_Extracted data_.
*** Begin section ***

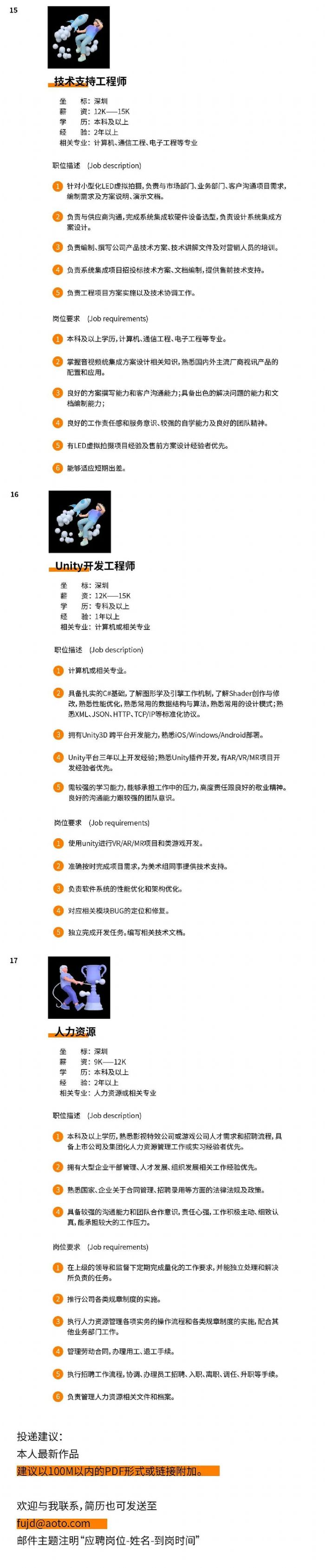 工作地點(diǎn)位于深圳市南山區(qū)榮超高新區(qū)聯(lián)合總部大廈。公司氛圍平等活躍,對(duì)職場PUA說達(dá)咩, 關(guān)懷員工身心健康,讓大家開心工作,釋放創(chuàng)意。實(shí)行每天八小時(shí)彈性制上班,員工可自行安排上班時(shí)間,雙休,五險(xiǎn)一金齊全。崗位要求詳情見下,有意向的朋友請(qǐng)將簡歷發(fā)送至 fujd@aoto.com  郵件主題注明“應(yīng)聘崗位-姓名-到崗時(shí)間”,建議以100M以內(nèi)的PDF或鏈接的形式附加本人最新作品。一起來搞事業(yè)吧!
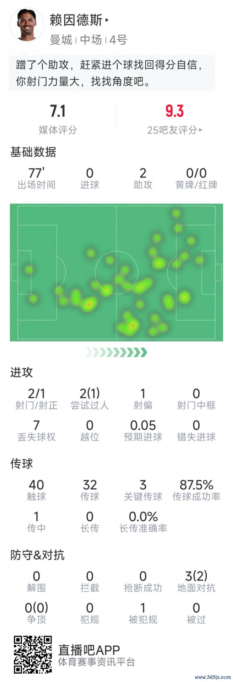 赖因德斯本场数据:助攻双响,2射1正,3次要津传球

*** End section ***
*** Begin section ***

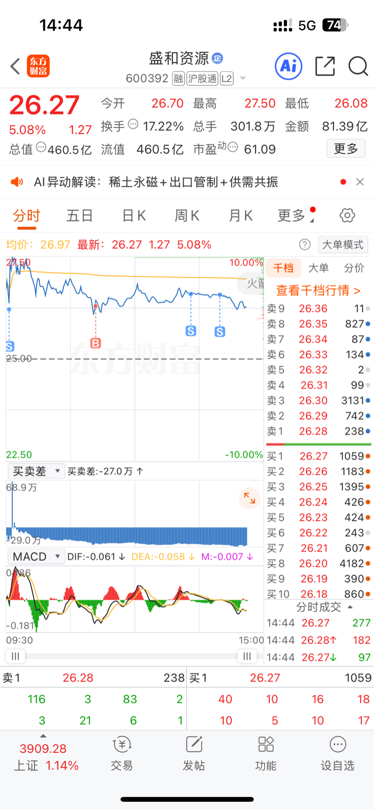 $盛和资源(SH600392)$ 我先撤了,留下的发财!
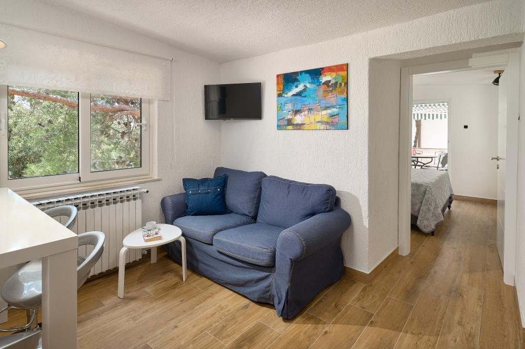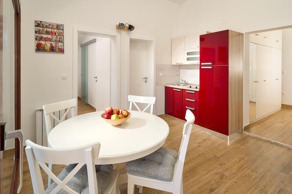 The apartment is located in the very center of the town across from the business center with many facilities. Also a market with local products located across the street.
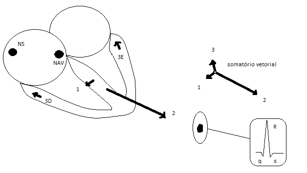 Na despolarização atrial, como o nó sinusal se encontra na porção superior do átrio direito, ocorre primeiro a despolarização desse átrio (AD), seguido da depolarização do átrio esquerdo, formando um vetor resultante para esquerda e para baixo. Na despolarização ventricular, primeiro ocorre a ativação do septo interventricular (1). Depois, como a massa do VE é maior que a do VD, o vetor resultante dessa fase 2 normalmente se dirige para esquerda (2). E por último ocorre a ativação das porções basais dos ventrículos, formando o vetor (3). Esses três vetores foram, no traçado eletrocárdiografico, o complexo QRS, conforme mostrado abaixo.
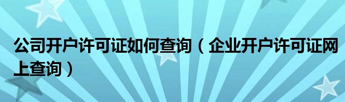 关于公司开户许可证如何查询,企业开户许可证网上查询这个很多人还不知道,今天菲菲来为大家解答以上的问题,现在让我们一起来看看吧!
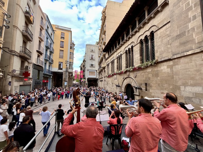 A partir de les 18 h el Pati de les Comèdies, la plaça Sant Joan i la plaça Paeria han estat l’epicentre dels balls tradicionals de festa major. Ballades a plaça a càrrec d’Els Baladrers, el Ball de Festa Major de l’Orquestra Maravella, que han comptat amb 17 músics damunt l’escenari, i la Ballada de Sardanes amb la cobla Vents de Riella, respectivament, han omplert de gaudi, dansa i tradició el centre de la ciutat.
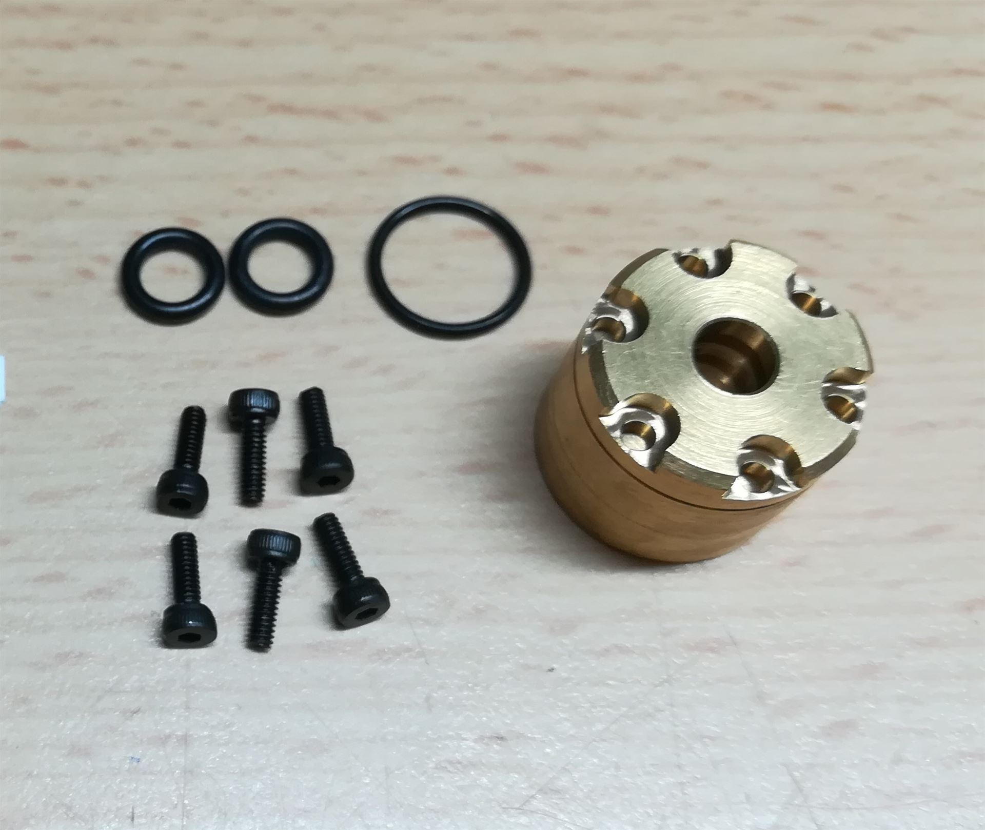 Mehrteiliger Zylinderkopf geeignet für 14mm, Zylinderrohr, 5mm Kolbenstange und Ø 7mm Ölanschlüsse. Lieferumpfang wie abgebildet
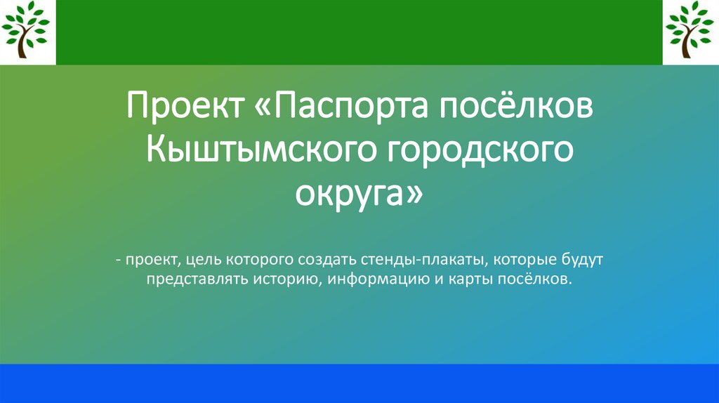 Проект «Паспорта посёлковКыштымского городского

*** End section ***
*** Begin section ***

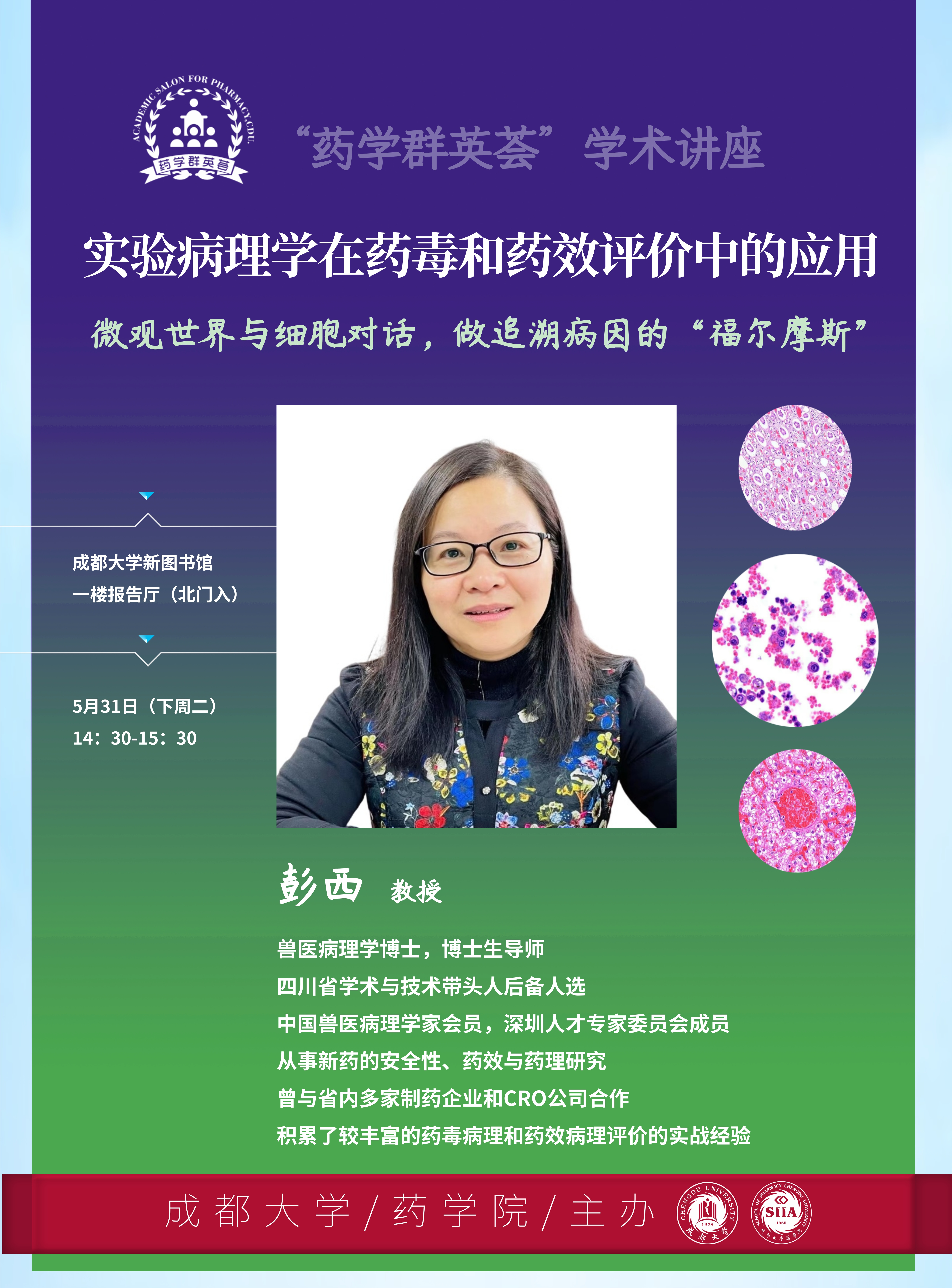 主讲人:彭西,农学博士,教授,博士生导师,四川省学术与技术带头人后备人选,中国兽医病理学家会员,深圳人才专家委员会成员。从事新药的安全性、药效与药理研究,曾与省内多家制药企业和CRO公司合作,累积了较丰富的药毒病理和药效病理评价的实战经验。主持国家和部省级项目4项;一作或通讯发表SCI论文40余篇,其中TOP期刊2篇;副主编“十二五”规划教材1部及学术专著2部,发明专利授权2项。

*** End section ***

_Activity_.
Using the data above, retype exactly and only the lines from the one containing "Na despolarização atrial, como" up to and including the one containing "A partir de", with no pictures carried over.

_Task response_.
 Na despolarização atrial, como o nó sinusal se encontra na porção superior do átrio direito, ocorre primeiro a despolarização desse átrio (AD), seguido da depolarização do átrio esquerdo, formando um vetor resultante para esquerda e para baixo. Na despolarização ventricular, primeiro ocorre a ativação do septo interventricular (1). Depois, como a massa do VE é maior que a do VD, o vetor resultante dessa fase 2 normalmente se dirige para esquerda (2). E por último ocorre a ativação das porções basais dos ventrículos, formando o vetor (3). Esses três vetores foram, no traçado eletrocárdiografico, o complexo QRS, conforme mostrado abaixo.
 关于公司开户许可证如何查询,企业开户许可证网上查询这个很多人还不知道,今天菲菲来为大家解答以上的问题,现在让我们一起来看看吧!
 A partir de les 18 h el Pati de les Comèdies, la plaça Sant Joan i la plaça Paeria han estat l’epicentre dels balls tradicionals de festa major. Ballades a plaça a càrrec d’Els Baladrers, el Ball de Festa Major de l’Orquestra Maravella, que han comptat amb 17 músics damunt l’escenari, i la Ballada de Sardanes amb la cobla Vents de Riella, respectivament, han omplert de gaudi, dansa i tradició el centre de la ciutat.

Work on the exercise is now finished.